Same trial structure — twenty balanced blocks. CH11 now fires three of the four classes; class 2 (12 Hz, per the mapping above) never appears, even though the trigger does step to 12 Hz five times. The LDA isn’t broken in the same way as run 1, but it’s still missing a class.

1.2.3 Subject 2 x Run 1

Code
plot_session(DATA_DIR / "subject_2_fvep_led_training_1.mat")
File:          subject_2_fvep_led_training_1.mat
Sampling rate: 256 Hz
Shape:         (11, 58757)  (11 channels × 58757 samples)
Duration:      229.5 s
Figure 1.3: Subject 2, run 1.

CH11 covers all four classes here, and fires for a much larger fraction of samples than either subject-1 session — the LDA is genuinely trying in this run. The flip side: data quality is poor. PO3 and O1 hit the ±50 µV clip throughout, and the occipital channels (Oz, O2) degrade further past the ~120 s mark — by the second half of the session their panels are essentially solid blocks of saturation.

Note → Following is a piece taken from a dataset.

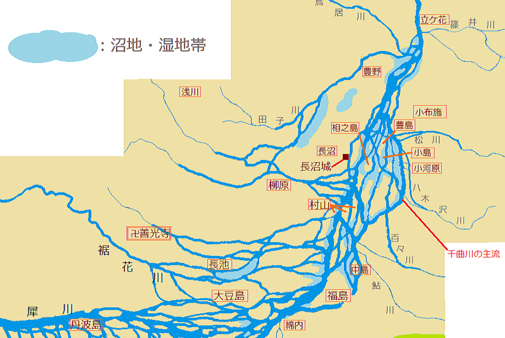 17世紀に始めに北国街道松代往還が開削される頃から、宿場街近隣から用水整備にともなう干拓、水田開拓が進み千曲川東岸の高台や自然堤防に人びとが集落を形成し始めたようです。想像図では、東岸の湿原沼沢地の広がりは、はかなり控えめに見ても最低限度これくらいだったであろうという推定にもとづいています。

Only POz, PO4, and PO8 stay reasonably contained. Sustained clipping on that many channels usually points at electrode contact issues (high impedance, sweat bridges) rather than brain signal, which is why this run isn’t the running example for later chapters.

1.2.4 Subject 2 x Run 2

Code
plot_session(DATA_DIR / "subject_2_fvep_led_training_2.mat")
File:          subject_2_fvep_led_training_2.mat
Sampling rate: 256 Hz
Shape:         (11, 57697)  (11 channels × 57697 samples)
Duration:      225.4 s
Figure 1.4: Subject 2, run 2.

Twenty trials, all four classes on CH11, EEG channels mostly quiet within the clip. The cleanest of the four for downstream work — and the one we’ll lean on as the running example in later chapters.